Other highlights from the interview…
On BYD founder Wang Chuanfu:
They’ve got a brilliant fellow on top [of the company] and they have a way of implementing his ideas very quickly and effectively. There’s no ossification — and many American companies, obviously, have suffered from that. Perhaps Berkshire Hathaway [has], in some ways. But when they decide to do something, it gets done. They have very high expectations of themselves and they meet it.
On investing in a Chinese EV maker:
The world benefits no matter where [electric vehicles] come from. The fact that penicillin came from England doesn’t mean we don’t benefit from it. It’s not a zero-sum game in the world. We ought to be happy if General Motors comes up with a wonderful electric car [and] we ought to be very happy if BYD comes up with a wonderful electric car.
On persevering through failure:
Munger: The companies that succeed are often the ones who just improve better and faster than the competition — and just keep doing that. And that is the essence of BYD. I see not the slightest flagging in their ambitions to keep doing things better and better.
They’re willing to [push through] enormous failures for a long time, like Edison, in order to get improvements. Not only do I admire that, but I think that it’s likely to work.
More Must-Reads
Other awesome things that I read this week…

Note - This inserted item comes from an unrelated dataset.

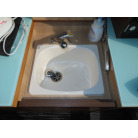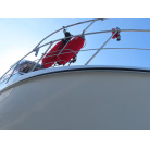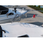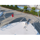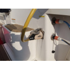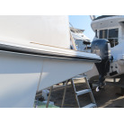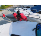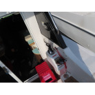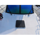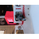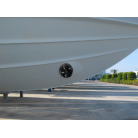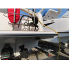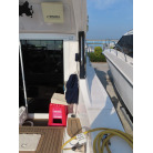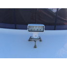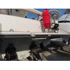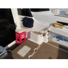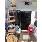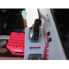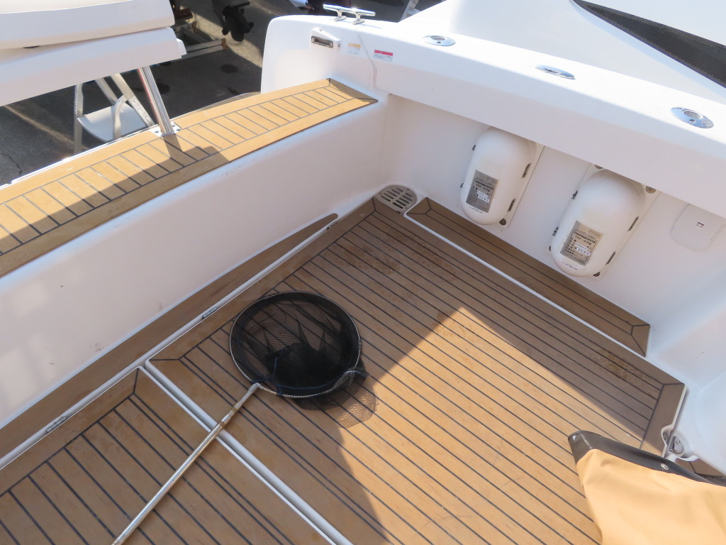 この艇はアルミ艇のためキャビンを前に持っていくことにより、アフトデッキを広く取ることが出来ているそうで、デッキ後部にデッキウォッシャーと清水シャワーが装備され、釣りの後の手洗いなどに便利です。

Investing in Inflections and Buffett’s Airline/Railroad Investments
“Buffett saw a business and industry that investors had always viewed as capital intensive and cyclical… but he realized the business had consolidated down to an oligopoly, and that it would be very difficult for new players to enter the industry going forward (for railroads, because no one can build a new railroad today; for airlines, because loyalty programs and credit card miles give huge advantages to incumbents/large players).”

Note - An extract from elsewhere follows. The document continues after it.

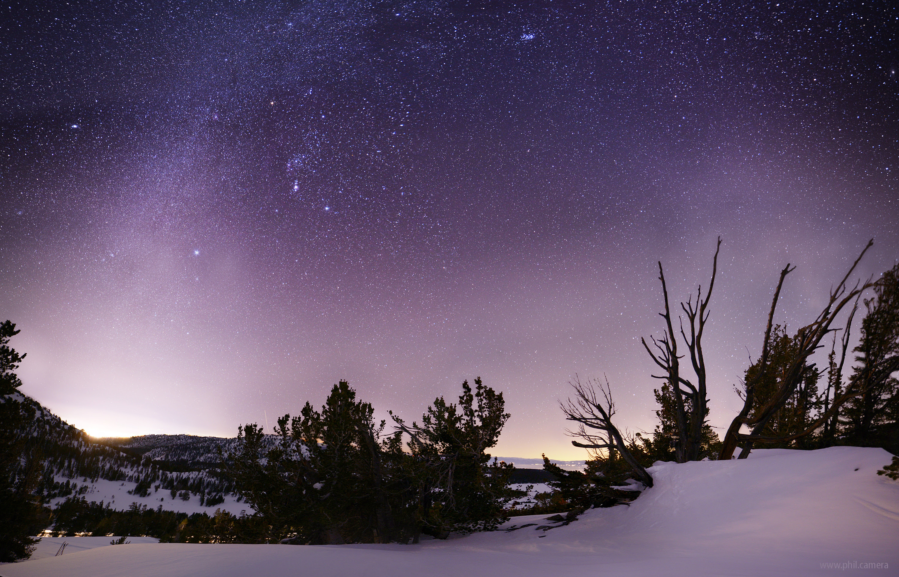 Winter Night Sky over The Mt Rose / Sheep Flat meadow last night, with Carson down to the left and Lake Tahoe peaking through the branches center-right. One of the most technically challenging photos I've ever taken. [oc][3000x1928]

15 Books to Read Before You Die
“Mostly every review of [The Intelligent Investor] will tell you to read chapters 8 and 20; the ones that discuss Mr. Market and why he should be ignored, as well as the principle of margin of safety. It’s true, they are the most useful chapters of the book — and it doesn’t hurt to remind yourself now and then.”
A Few Laws of Getting Rich (Morgan Housel)
“Charlie Munger was once asked by one of his rich friends if leaving his kids a bunch of money would ruin their drive and ambition. ‘Of course it will,’ Charlie said. ‘But you still have to do it.’ ‘Why?’ the friend asked. ‘Because if you don’t give them the money, they’ll hate you,’ Charlie said. Like a lot of Munger advice, I think this interaction is designed to be memorable. It’s probably 80% true. But, by and large, he’s right.”
“You probably can’t know what the world needs you to do until it tells you. And it can’t tell you until you’ve offered it something of value first. This is what a sacrifice is … Everyone’s gifts are different, but the only consistent truth is that it seems to require some kind of considered leap — an ‘active surrender’ — into the murky unknown.”
Great info as always. Think I remember a very old Fortune article of Munger saying he saw Wang Chuanfu as a combination of Jack Welch (ability to get things done) and Thomas Edison (technical abilities). That's pretty high praise from Munger.